I was on the cusp of being a teenager in 2001 when news broke that Minnesota Vikings lineman Korey Stringer died of heatstroke during training camp. At the time, the news rattled me; I had recently begun to take sports seriously and the realization that a prominent NFL player wasn’t immortal caused a change in my worldview.
You have probably heard by now the tragic news that befell the late Jordan McNair of the Maryland football program. ESPN reported on the circumstances of McNair’s death and there is expected to be a report released by Dr. Rod Walters on September 15. ESPN has also reported on the allegedly toxic football culture under Maryland head coach DJ Durkin.
Because there’s still a detailed report to be released on the circumstances surrounding McNair’s death, rather than speculate on how it happened, we’ll instead focus this post on heatstroke. We’ll discuss what heatstroke exactly is and what should be done when presented with it.
The Collapsed Athlete
First, it should be clear that there can be many reasons that an athlete collapses. Heatstroke is only one of them. Other reasons include hyponatremia (low sodium), hypoglycemia (low blood sugar), cardiac arrest, epilepsy, and exercise-associated postural hypotension.
In an unconscious athlete, it is important to get a rectal temperature. A rectal temperature, as opposed to an oral or axillary temperature, is recommended by national guidelines, and studies have shown that there is greater accuracy in rectal temperature measuring true body core temperature as compared to other routes of temperature measurement.

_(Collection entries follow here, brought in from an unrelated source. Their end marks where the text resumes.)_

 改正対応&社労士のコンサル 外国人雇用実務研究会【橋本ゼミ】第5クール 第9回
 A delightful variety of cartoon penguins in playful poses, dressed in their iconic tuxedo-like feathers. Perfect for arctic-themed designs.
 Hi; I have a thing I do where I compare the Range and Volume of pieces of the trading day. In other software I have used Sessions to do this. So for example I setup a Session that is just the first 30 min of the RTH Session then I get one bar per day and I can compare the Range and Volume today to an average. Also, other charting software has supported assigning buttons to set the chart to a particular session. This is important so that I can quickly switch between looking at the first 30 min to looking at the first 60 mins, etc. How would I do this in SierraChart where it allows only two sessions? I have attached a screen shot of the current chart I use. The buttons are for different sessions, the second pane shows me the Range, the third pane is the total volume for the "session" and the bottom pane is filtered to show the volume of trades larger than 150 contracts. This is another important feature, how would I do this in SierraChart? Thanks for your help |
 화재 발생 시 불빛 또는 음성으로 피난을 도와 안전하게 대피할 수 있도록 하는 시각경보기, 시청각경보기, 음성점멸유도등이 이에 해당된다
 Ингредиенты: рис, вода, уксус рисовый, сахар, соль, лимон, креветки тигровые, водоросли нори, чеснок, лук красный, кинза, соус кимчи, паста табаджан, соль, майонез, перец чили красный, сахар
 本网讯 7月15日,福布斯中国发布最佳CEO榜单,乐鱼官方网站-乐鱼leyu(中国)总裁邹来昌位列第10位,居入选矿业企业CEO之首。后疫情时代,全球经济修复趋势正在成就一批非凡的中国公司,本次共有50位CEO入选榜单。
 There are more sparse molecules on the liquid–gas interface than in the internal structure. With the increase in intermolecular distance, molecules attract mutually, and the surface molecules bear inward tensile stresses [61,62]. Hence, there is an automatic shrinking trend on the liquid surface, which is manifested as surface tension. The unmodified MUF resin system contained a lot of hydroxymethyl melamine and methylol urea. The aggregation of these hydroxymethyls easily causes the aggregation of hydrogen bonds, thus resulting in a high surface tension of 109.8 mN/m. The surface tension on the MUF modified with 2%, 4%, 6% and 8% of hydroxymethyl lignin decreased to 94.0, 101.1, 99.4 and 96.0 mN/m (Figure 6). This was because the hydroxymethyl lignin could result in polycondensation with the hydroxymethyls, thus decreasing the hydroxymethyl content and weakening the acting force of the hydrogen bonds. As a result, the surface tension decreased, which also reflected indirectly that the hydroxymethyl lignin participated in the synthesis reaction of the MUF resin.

As your body temperature rises, symptoms may manifest. These symptoms include nausea, headache, dizziness, confusion, and even coma. If an athlete shows changes in mental functioning (such as coma or seizures) and has a rectal temperature greater than 106 degrees Fahrenheit, then the diagnosis is heatstroke.
Management of Heatstroke
The single most important factor in the treatment of heatstroke is immediate cooling, even more so than sending the collapsed athlete to the emergency department. It is unclear from what we know about the McNair situation right now if prompt cooling was done; it has been reported that an hour lapsed before EMS was contacted, so what was done when McNair was reportedly collapsed (and/or seizing) is up to speculation as of now.
The quickest way to achieve this is immersing the athlete in an ice-water bath. It is generally acknowledged that it is critical to reduce the rectal temperature to 100 degrees Fahrenheit as quickly as possibly so as to preserve the best possible prognosis for the athlete. In an ice-water bath, this would take roughly 5-10 minutes.

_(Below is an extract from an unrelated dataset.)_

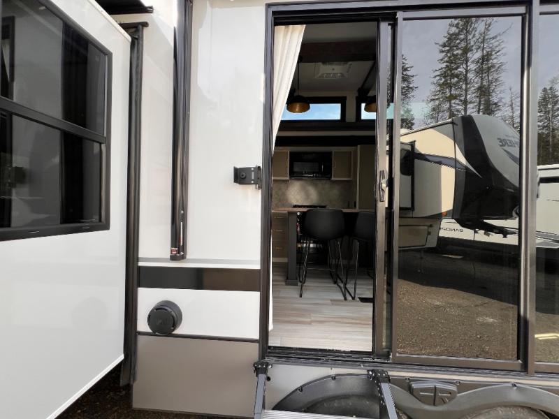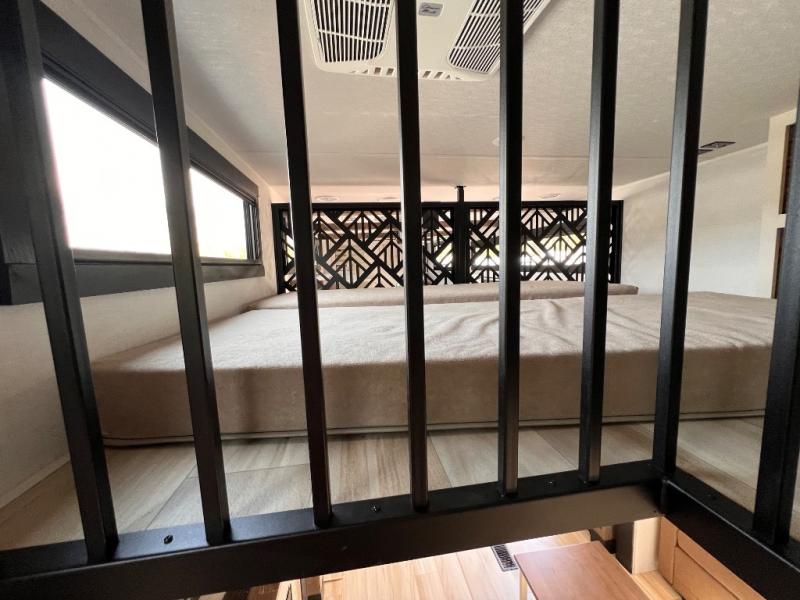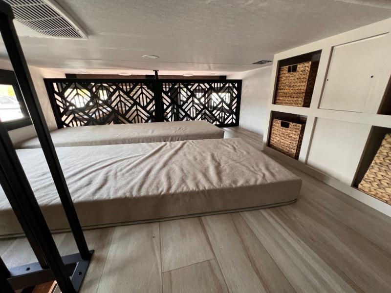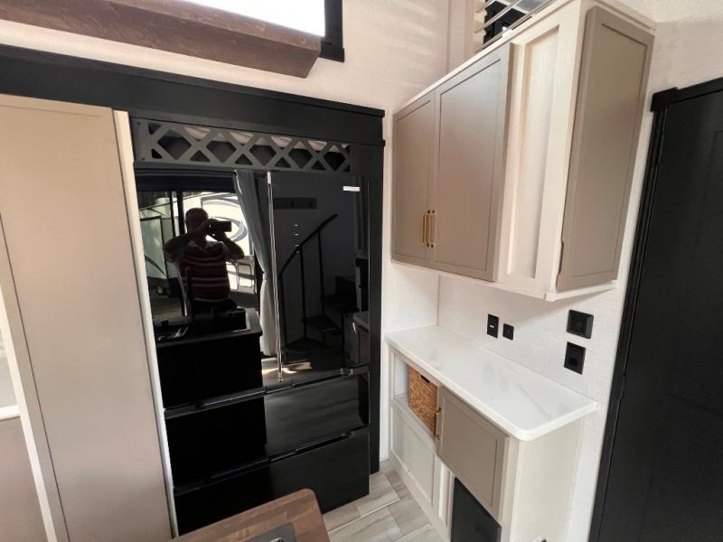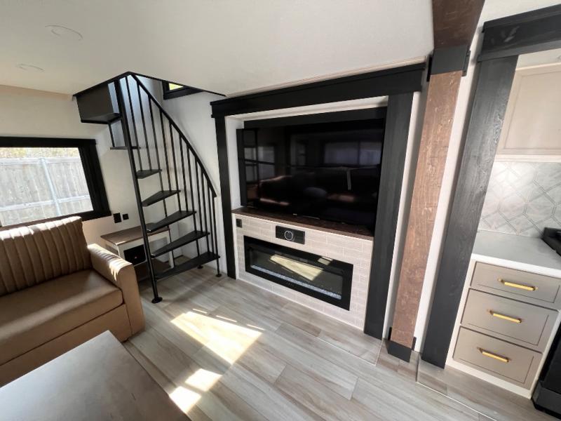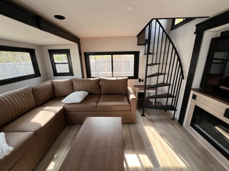 Introducing a new RV of its kind, the ROOST43 is a destination-style fifth wheel you are sure to love! There are two levels, making it feel more like home, and you can sleep six to eight each night. The master bedroom includes a custom king bed slide out, a 32" TV and fireplace, a desk/vanity, plus a half bath for convenience. A custom king-size bed is also found in the front loft, and there are storage cubbies plus a coax/110V outlet here to plug in chargers or a laptop. The second loft in the back includes spiral stairs, two bunk mats, a wardrobe, and cubby cubes here also for your guests' things. Some of the stand-out features you'll find on the first level are the sectional sofa with a coffee table, an entertainment center with a 65" TV, a kitchen island with five chairs, and a fully-equipped kitchen. The 20 cu. ft. 12V refrigerator and pull-out pantry will let you stock up on food, and the kitchen hutch will be perfect for nice dishes. The full bath on this model is one to remember; there is a one-piece fiberglass shower with a teak seat, a flip-up shelf and a washer/dryer, a backlit mirror, and more. And we haven't even touched on the exterior features, such as the pull-out tray, outdoor refrigerators, 20' awning, and more!

In fact, prompt cooling is so important that it is usual for athletes to be up and walking within 30-60 minutes if they had been cooled promptly (and did not have a pre-existing medical condition that may be a factor). Per the sports medicine book, Brukner and Khan’s Clinical Sports Medicine, mortality should actually be zero in a collapsed athlete with no previous health issues who was cooled in a timely fashion. Again, it is unclear what health issues McNair had. And yet, regardless of any predisposing conditions he had, the promptness of the staff to treat him has come into question. We’ll know more when the investigative report is released.
Intravenous fluids may be given and could help, but care must be taken not to overly hydrate the athlete given their compromised cardiac function.

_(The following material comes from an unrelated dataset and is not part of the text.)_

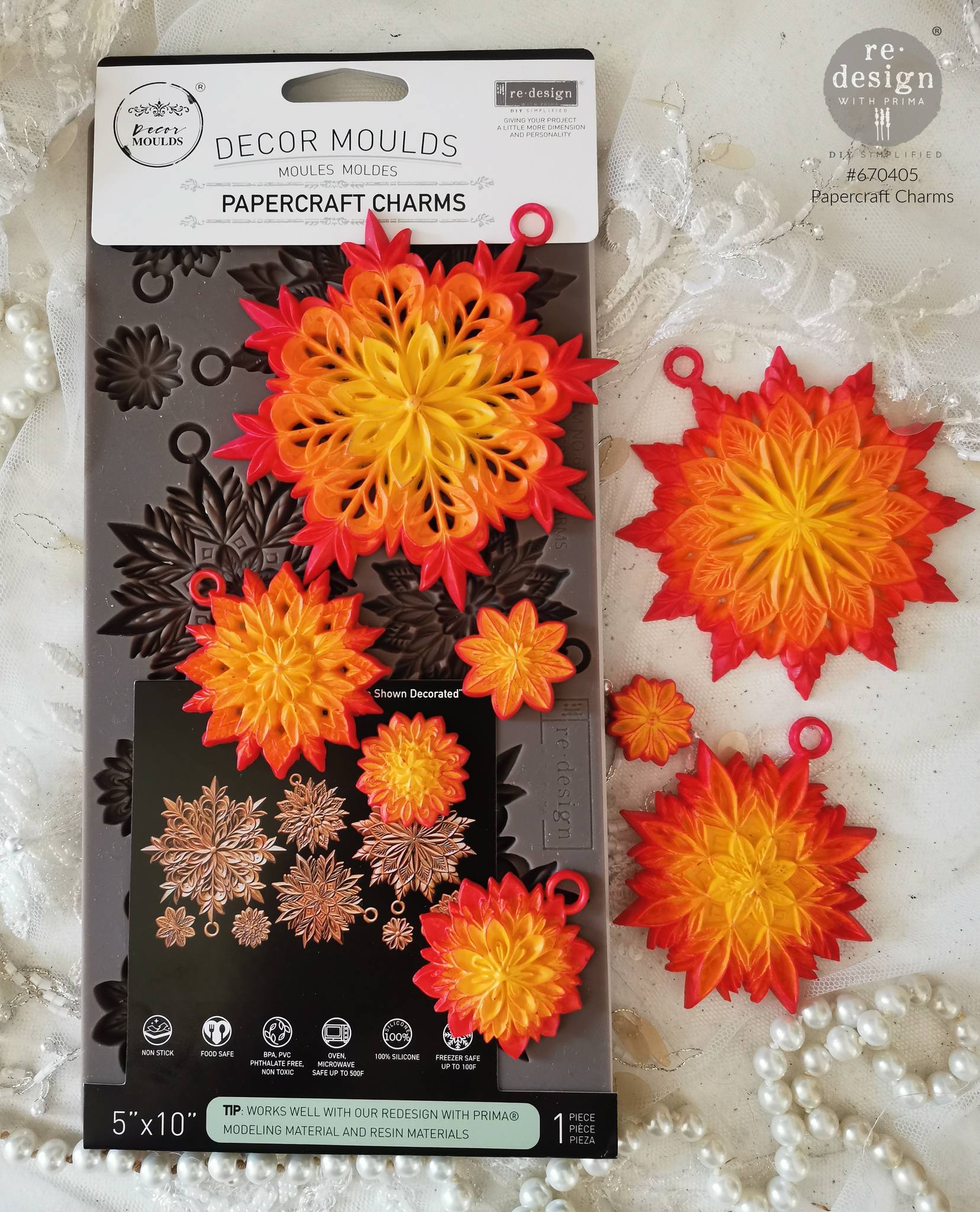 | "1 pc, 5""x10""x8mm - Elevate your holiday decorations with ""Papercraft Charms."" This mould includes eight intricate snowflakes of varying sizes, each with highly-detailed designs. Ideal for embellishing frames, adding ornate details to furniture, and creating elegant holiday ornaments and decor with a timeless touch! What sets this mould apart is its versatility. Not only is it suitable for DIY and crafting projects, but it's also food-safe and oven-safe, opening up a world of culinary possibilities. Whether you're working with resin, hot glue, modeling material, fondant, chocolate, or other pourable or moldable mediums, this mould allows you to create your own castings and food decorations with ease." |

After the athlete has been cooled appropriately, hospital admission may be indicated for further observation to ensure the rectal temperature does not increase again or to monitor mental status. Of course, if the patient is still unconscious after cooling or is in shock (low blood pressure and a high heart rate), they would absolutely require hospital admission.
Heatstroke can damage multiple organs. Please see the table below.
|Cardiovascular||Myocardial infarction||Heart attack|
|Neurological||Stroke||Death of brain tissue|
|Muscle||Rhabdomyolysis||Muscle breakdown that can cause renal failure and heart problems|
As you can see, heatstroke can have devastating consequences. Since it’s not always clear whether the heatstroke was the direct cause of these issues in a collapsed athlete, larger systemic issues must be considered by the healthcare provider. For instance, someone may be more susceptible to heatstroke due to genetic issues. This may alter future plans when it comes to athletic participation.
It’s unclear exactly what happened in the interval between McNair showing symptoms and his ultimate death. We will await the September report for perhaps further clarification. Until then, like the news of Stringer’s death to a twelve-year-old me, it’s a sobering reminder that tragedies can happen even when you’re playing a game.
Thanks to Brukner and Khan’s Clinical Sports Medicine for information.